Political activist Dennis Dames also describes himself as a poet. He posts articles by former FNM cabinet minister Zhivago Laing, Bahama Journal news editor Candia Dames (his sister), Apostle Cedric Moss and ex-Vanguard Party chieftain Charles Fawkes on the pay-per-click Blogit.com site.
Blogit takes a Disneyland approach to blogging: "Entrance to the park costs money, and all the rides are free." in other words, you have to cough up a fee to access the writing, much of which (we should add) has already been published elsewhere and often long ago.
Amateur photographer and culture vulture Erik Russell (who also runs the Cable Bahamas operation in Freeport) maintains a well-put-together blog on MSN (http://spaces.msn.com/members/keeniphoto). It offers an online store for logo gear, showcases his photography, and presents posts on the Freeport film industry.
Nassau Institute director Rick Lowe just launched a trial site at Typepad called Blog Bahamas that discusses “politics and economics among other things that interest me, like the Libertarian perspective.”
The anonymous Bahamas Blog was created by Bahamas B2B founders Lisa Wells and her husband Duke Cromwell in 2002, but was later spun off to a separate site called Bahamas Community. This blog says it offers “piquant commentary and information on the islands”. The site claims about 30 registered members and seems to have had better days. The current administrator refuses to be identified.
A more recent political entry is BlackBeltBaldNaked.com by Gorman Bannister, who spent two years in the US Federal Witness Protection Programme before becoming one of those “born-again Christians” and returning to Nassau in 1989.
This site was launched in August last year and is is a spin-off from the Black Belt News, a tabloid newspaper Bannister says he founded in 1996 with a $900 donation. Black Belt’s niche is to pan everyone: “I liken Black Belt News to Playboy Magazine,” Bannister told Tough Call. “No-one in the locker room has seen it--but everyone has it!.”
In a recent post, he condemned both Perry Christie and Hubert Ingraham for using their political careers to “get straight financially...if it weren’t for a consistent taxpayer cheque, both would have starved to death together.”
BahamaPundit.com was launched in September of this year to make the writings of some Bahamian newspaper columnists available online. They include Sir Arthur Foulkes, Andrew Allen, Nicolette Bethel and yours truly.

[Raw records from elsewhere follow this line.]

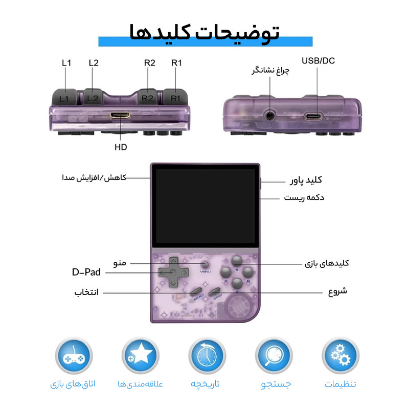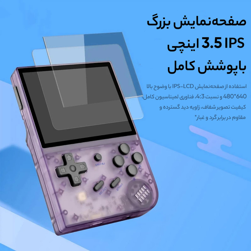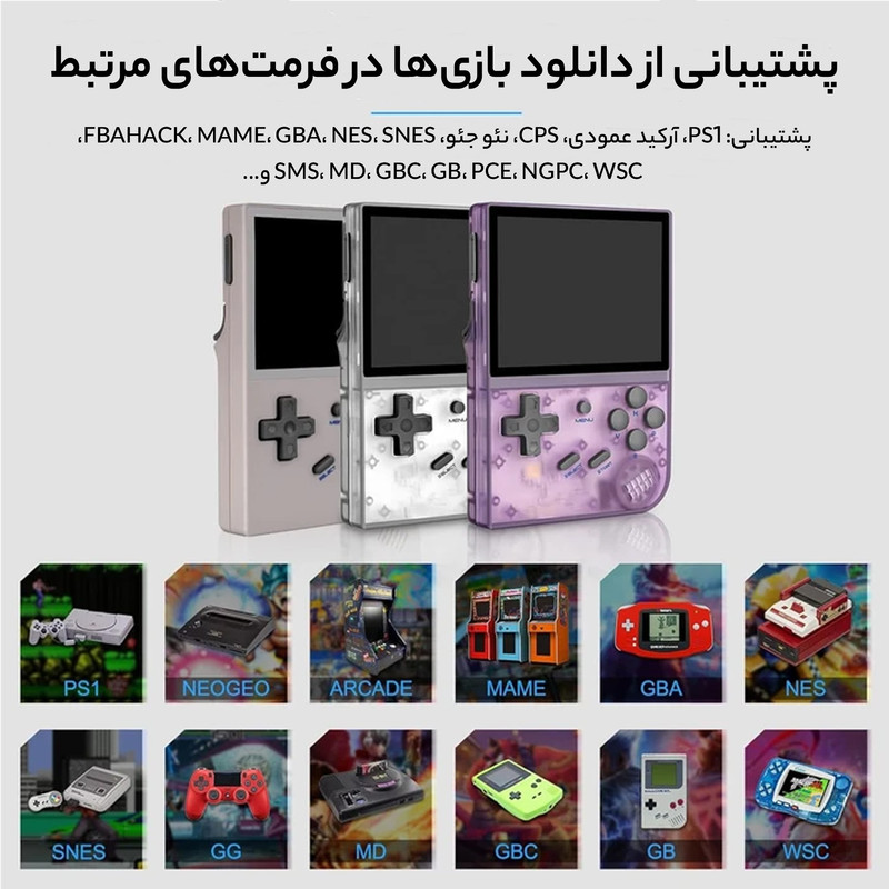 تجربه بازی های خاطره انگیز با مینی کنسول های قابل حمل Anberic RG35XX با بیش از 5000 بازی نوستالژیک و جدید و کیفیت ساخت بسیار عالی می تواند بهترین همراه شما باشد.کنسول بازی RG35XX از یک باتری لیتیومی 2100 میلی آمپر ساعتی استفاده می کند. این می تواند بازی های رقابتی را برای مدت طولانی بدون نگرانی در مورد نیاز به شارژ مکرر در مدت زمان کوتاه انجام دهد. عمر باتری تا 5 ساعت است.پشتیبانی از دهها شبیهساز و انواع بازی های ماجراجویی، اکشن، مسابقهای و ..... را پوشش میدهد. ما صفحه نمایش پیشرفته IPS و سیستم لینوکس را بکارگرفته ایم و با هسته بسیار سازگار پردازنده داخلی ATM7039S چهار هسته ای ARM Cortex-A9 و پردازنده گرافیکی چهار هسته ای PowerVR SGX544MP. بازی ها روان تر اجرا می شوند. پشتیبانی از دسته بی سیم 2.4G و اتصال دسته سیمی به منظور افزایش لذت کاربری در بازی، همچنین کنسول بازی از عملکردهای خروجی HDMI و تلویزیون پشتیبانی می کند تا صفحه نمایش کوچک در عرض چند ثانیه بزرگتر شود و از اتصال جوی استیک در بازی های چند نفره نیز پشتیبانی می کند.تعدادی پورت کاربردی برای این محصول در نظر گرفته شده است. یک پورت mini HDMI در قسمت بالایی این محصول تعبیه شده است. با استفاده از این پورت می توانید دستگاه بازی خود را به صفحه نمایشگر دیگری متصل کرده و بازی ویدیویی را در آن پخش کنید. در قسمت پایینی این کنسول بازی دو پورت وجود دارد. پورت اول Type-C است که برای اتصال کابل شارژ در نظر گرفته شده و پورت دوم جک 3.5 میلی متری است که برای اتصال هدست در این قسمت تعبیه شده است. طراحی فیزیکی این دستگاه بازی متناسب با ارگونومی دست انسان انجام شده است. به گونه ای که به راحتی در دست های شما قرار گفته و بعد از استفاده های طولانی مدت باعث ایجاد احساس خستگی و یا درد در دست های گیمر نمی شود. کنترلر این محصول به دستگاه بازی متصل شده است. این کنترلر نیز اغلب دکمه هایی که در سایر دسته بازی ها دیده می شود را دارد. علاوه بر آن ها تعدادی دکمه جدید روی این کنترلر دیده می شود. در قسمت سمت راست این محصول یک دکمه reset و یک دکمه power برای روشن و یا خاموش کردن دستگاه تعبیه شده است. در قسمت سمت چپ این محصول تنها یک دکمه مخصوص برای کنترل میزان بلندی صدای پخش شده طراحی شده است.
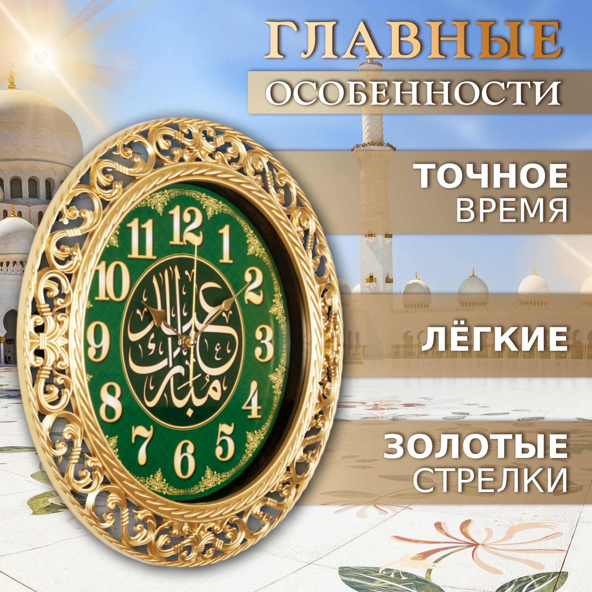 Часы настенные большие Молитва 39см , часы мусульманские настенные Рубин бесшумные открытая стрелка 1 399 ₽
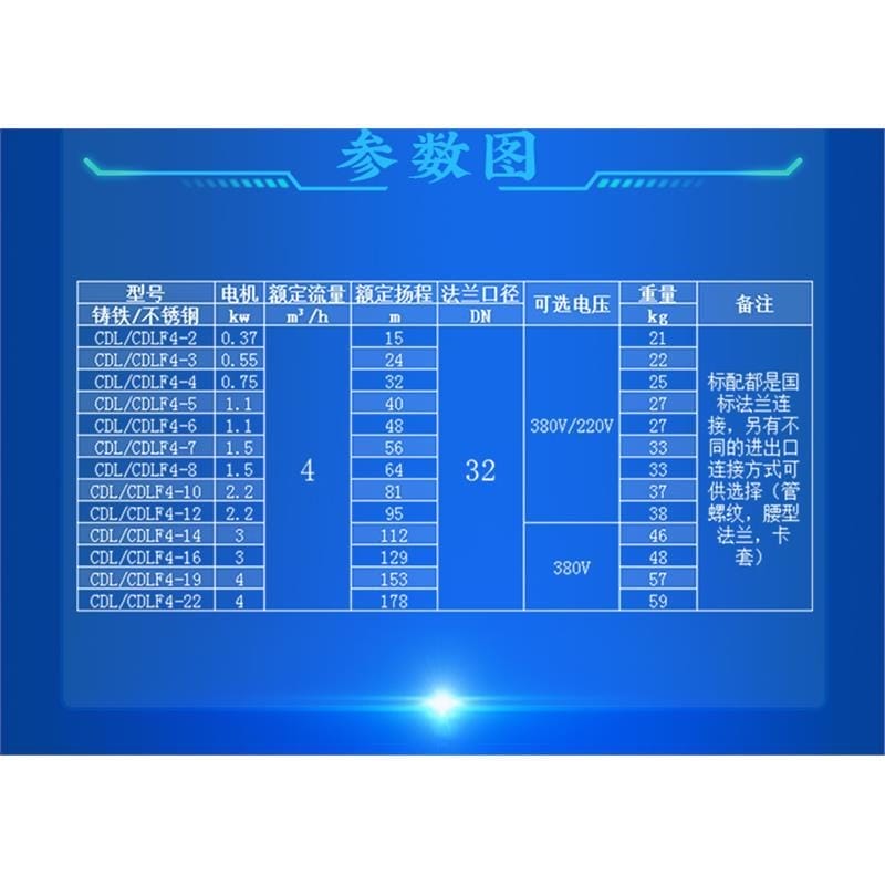 南方泵业CDL/CDLF系列轻型立式多级离心泵,采用不锈钢泵体设计,外形美观、结构紧凑、维护方便,广泛适用于从自来水到工业液体的各种介质输送。其中CDL系列适用于无腐蚀性液体,CDLF系列适用于轻度腐蚀性液体。 该系列产品具有节能、低噪、运行稳定、经久耐用、环保可靠等优点,配备全封闭风冷式二级电机,防护等级IP55,绝缘等级F级,适应常温至120℃热水工况,环境温度最高达40℃,海拔不超过1000米。 应用领域包括:市政供水、高层建筑二次供水、工业流程增压、冷却系统、锅炉给水、反渗透与超滤水处理系统、农田灌溉及喷滴灌系统等。 主要型号如CDL4-2至CDL4-22,流量覆盖15~178 m³/h,扬程可达21~59米,标配国标法兰连接,可选管螺纹、腰形法兰或卡套接口,电压可选单相220V或三相380V。 提供一年质保服务,原厂正品保障,专业客服支持,闪电发货,全国联保,售后无忧。选择南方泵业,品质与服务双重保障。
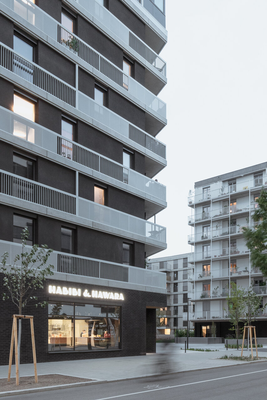 - HWB*RK = 18,61 kWh/m²a (Wohnen), 45,13 kWh/m²a (Geschäftslokale) (Energieausweis)
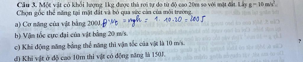 `a) W=W_(tmax)=mgh=1.10.20=200(J)->(Đ)`
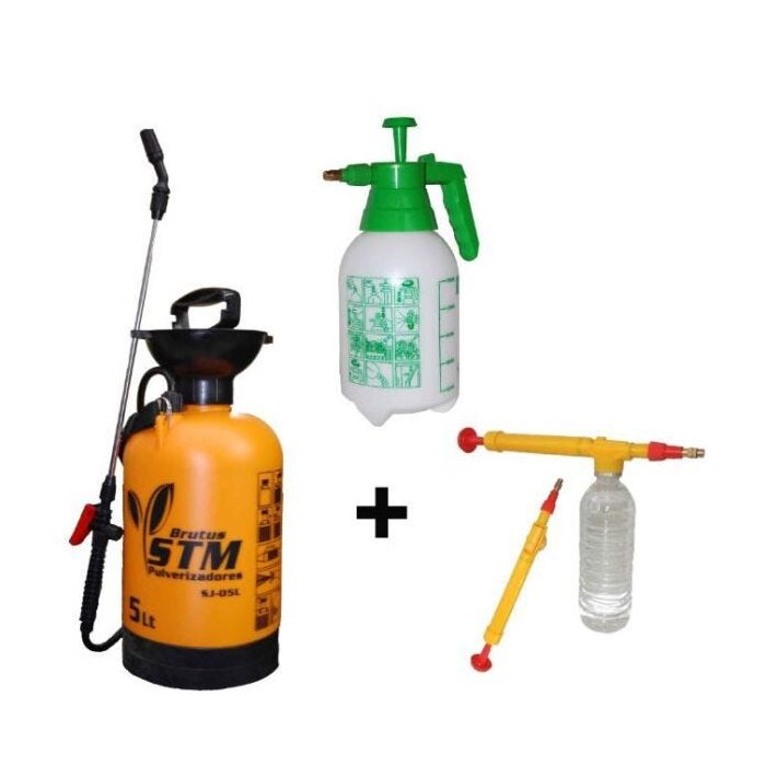 Kit Pulverizador Manual Bomba Veneno 5 e 1,5 litros + PetSpray Composição do Kit: 01 - Pulverizador 5 litros 01 - Pulverizador 1.5 litros 01 PetSpray - Pulverizador Adaptavel em qualquer Garrafa Pet Ideal para aplicação de inseticidas, fungicidas, soluções naturais, adubo foliar e também para a umidificação de plantas - Corpo em plástico de alta resistência - Ponta de pulverização regulável - Gatilho de acionamento com trava - Bico pulverizador regulável em cobre (1,5 litros - PetSpray)
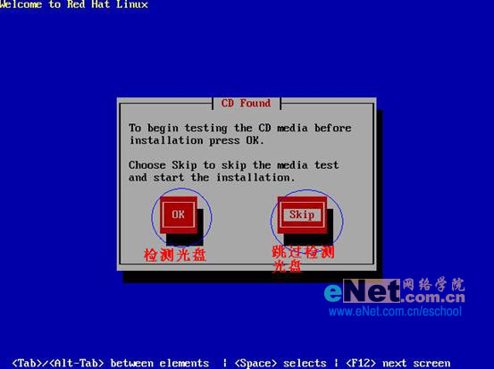 第三步:选择完安装方式后便出现了光盘检测界面,出现这个对话框的意思就是在安装之前确定系统盘是否有损坏,如果确定没有损坏选择“Skip”直接跳过检测进入下个环节。如果选择“OK”则自动转到光盘检测程序自动检测光盘。对于初次接触Linux的朋友,还是建议您在安装之前先检测下系统安装光盘,省去在安装过程中所带来的不便。

Ms Bethel also maintains a personal site at www.burrowsweb.com/nico-at-home/blog/essayblog.html.
ReEarth, an ascerbic environmental watch group founded in 1990, launched a blog site in January of this year to support campaigns against liquified natural gas plants, longline fishing and other issues. ReEarth is run by Sam Duncombe and her husband Tony.
But the king of the heap these days is the aptly named Bahamian Ebloggy, which launched last year. Purportedly run by a computer-savvy Grand Bahamian nicknamed Titan, in collaboration with some well-connected North Americans, this blog offers raunchy political analysis, alternating manically between cogent comment and infantile invective, with cartoons to boot. Here’s an apology from one of their recent posts:
“We have had a prominent radio show host call our blog 'garbage'. That warmed the cockles of our heart. We have heard all of the points of dismissal about our blog, and yet we are the blog to read every day. Our detractors are here, taking a sneak peak to see what we say. I just hope that this blog is seen for what it really is -- the blog of a patriot.”
In the final analysis, there are no editorial gatekeepers on the Internet. It’s entirely up to us to decide what is garbage and what is real.